Given records:
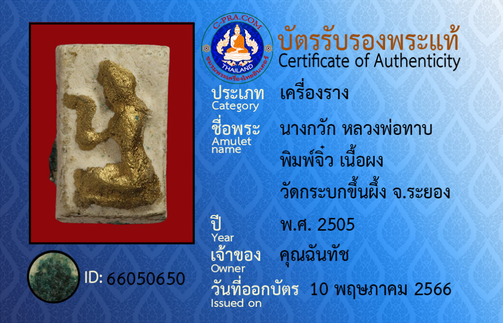 ชื่อพระ :นางกวัก หลวงพ่อทาบ พิมพ์จิ๋ว เนื้อผง วัดกระบกขึ้นผึ้ง จ.ระยอง
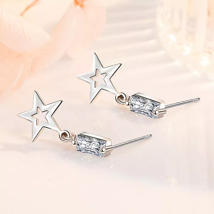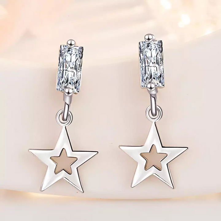Stern, Ohrstecker, Sterlingsilber 925, Zirkonia, Damen Ohrringe Ohrhänger
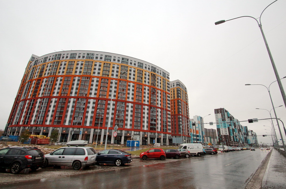 На Комендантском проспекте в Каменке завершилось строительство второго жилого дома от группы RBI в форме улыбки. Он вышел к углу с Глухарской улицей.
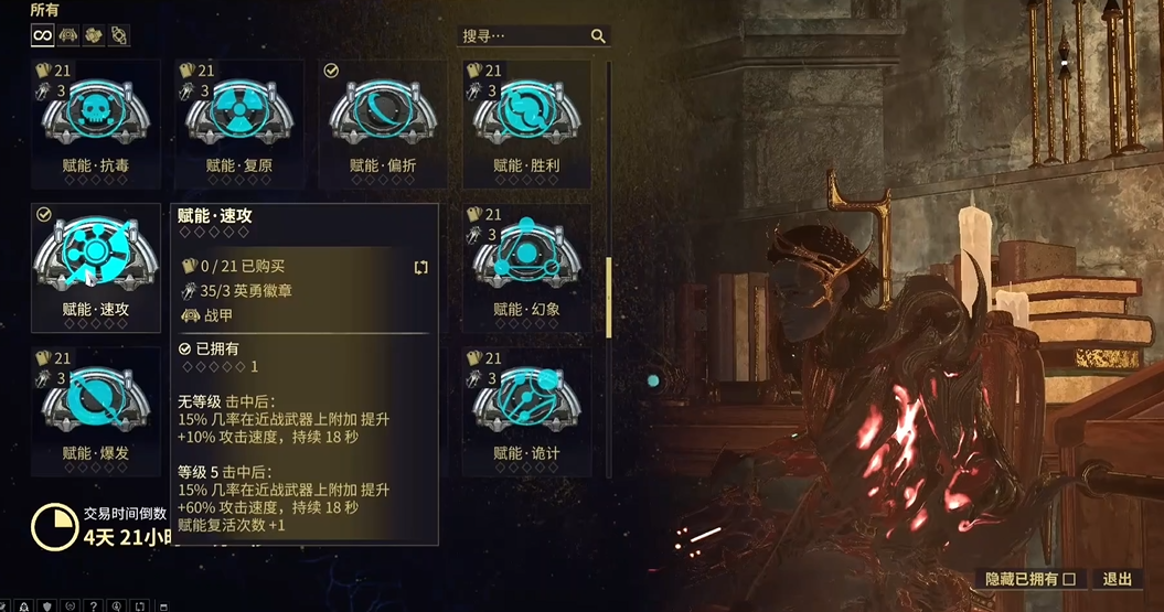 三傻战斗强调团队协作,不同职责的战甲需要搭配针对性的赋能以最大化效率。对于负责破除夜灵护盾的破盾手角色,推荐携带正直暗影和永恒猛攻,前者能提升增幅器的暴击伤害,后者则通过能量耗尽触发暴击率加成,两者配合可以大幅缩短破盾时间。负责输出夜灵关节的关节位,动量赋能几乎是必备选择,它能在狙击枪暴击时显著提升装填速度,确保对关节弱点的连续高效打击。而作为团队生存保障的奶妈,优先选择消磁赋能来抵消BOSS吼叫时带来的磁力异常效果,避免能量被清空导致技能中断;主教则通常携带速攻和充沛赋能,以增强技能释放流畅度并保障能量续航,维持无敌技能的覆盖。
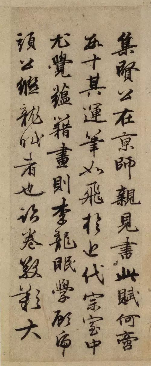 当然这种横向取势只是其字法的主旋律,其间亦不乏方形或长形结构的穿插。“谨于结构”(清人梁▲语)的赵孟頫不会忽视这一点。他采用较大的字距留白、活泼多变的字形、适时的纵向取势,偶尔的草书参差等方式,使这种横向取势成为美妙的音符。
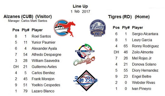 La alineación de Dominicana: Sergio Alcántara (ss), Leuris García (cf), Ronny Rodriguez (1b), Zoilo Almonte (bd), Mel Rojas Jr (lf), Donovan Solano (2b), Diory Hernández (3b), Engel Beltre (rf), Webster Rivas © y Iván Piñeyro (lanzador)
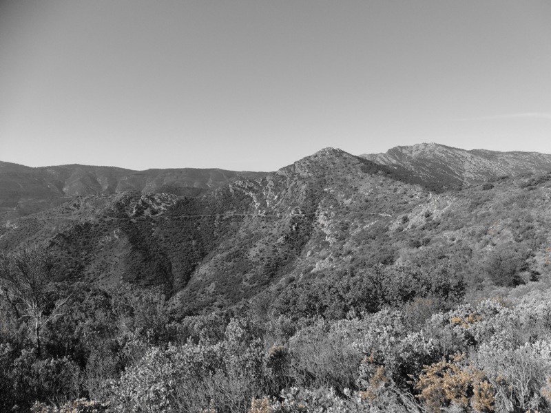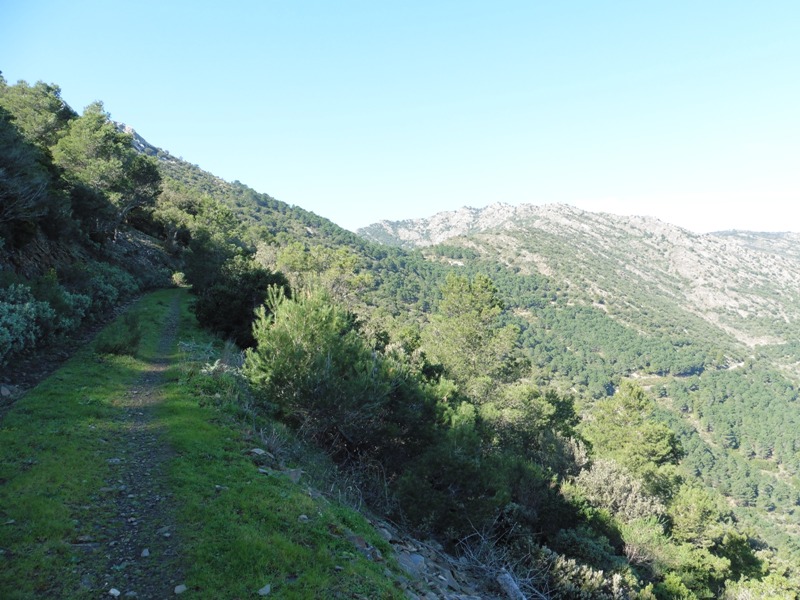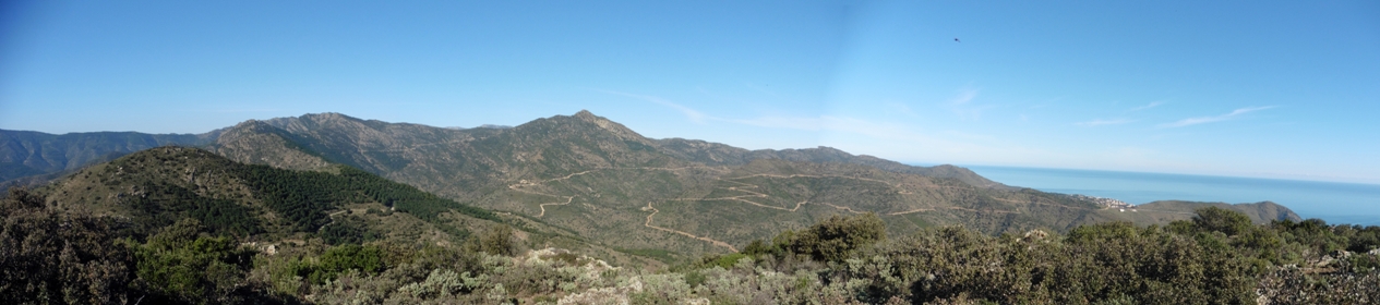 Reprenem la ruta agafant la pista a l’esquerra només uns metres, fins a trobar al cap d’un minut una pista forestal a la dreta que puja amb ganes. El camí passa cap al vessant nord de la carena, el que ens permet obtenir bones vistes a la vall de Portbou i del Querroig a l’altre costat de la vall. El camí flanqueja sota el turó de l’Ossetera, massa rocós per seguir-lo per la carena, entre una pineda fruit d’un repoblament.

Work to complete: The result should be the full set of entries above, restated exactly and without images.

Exercise response:
 ชื่อพระ :นางกวัก หลวงพ่อทาบ พิมพ์จิ๋ว เนื้อผง วัดกระบกขึ้นผึ้ง จ.ระยอง
Stern, Ohrstecker, Sterlingsilber 925, Zirkonia, Damen Ohrringe Ohrhänger
 На Комендантском проспекте в Каменке завершилось строительство второго жилого дома от группы RBI в форме улыбки. Он вышел к углу с Глухарской улицей.
 三傻战斗强调团队协作,不同职责的战甲需要搭配针对性的赋能以最大化效率。对于负责破除夜灵护盾的破盾手角色,推荐携带正直暗影和永恒猛攻,前者能提升增幅器的暴击伤害,后者则通过能量耗尽触发暴击率加成,两者配合可以大幅缩短破盾时间。负责输出夜灵关节的关节位,动量赋能几乎是必备选择,它能在狙击枪暴击时显著提升装填速度,确保对关节弱点的连续高效打击。而作为团队生存保障的奶妈,优先选择消磁赋能来抵消BOSS吼叫时带来的磁力异常效果,避免能量被清空导致技能中断;主教则通常携带速攻和充沛赋能,以增强技能释放流畅度并保障能量续航,维持无敌技能的覆盖。
 当然这种横向取势只是其字法的主旋律,其间亦不乏方形或长形结构的穿插。“谨于结构”(清人梁▲语)的赵孟頫不会忽视这一点。他采用较大的字距留白、活泼多变的字形、适时的纵向取势,偶尔的草书参差等方式,使这种横向取势成为美妙的音符。
 La alineación de Dominicana: Sergio Alcántara (ss), Leuris García (cf), Ronny Rodriguez (1b), Zoilo Almonte (bd), Mel Rojas Jr (lf), Donovan Solano (2b), Diory Hernández (3b), Engel Beltre (rf), Webster Rivas © y Iván Piñeyro (lanzador)
 Reprenem la ruta agafant la pista a l’esquerra només uns metres, fins a trobar al cap d’un minut una pista forestal a la dreta que puja amb ganes. El camí passa cap al vessant nord de la carena, el que ens permet obtenir bones vistes a la vall de Portbou i del Querroig a l’altre costat de la vall. El camí flanqueja sota el turó de l’Ossetera, massa rocós per seguir-lo per la carena, entre una pineda fruit d’un repoblament.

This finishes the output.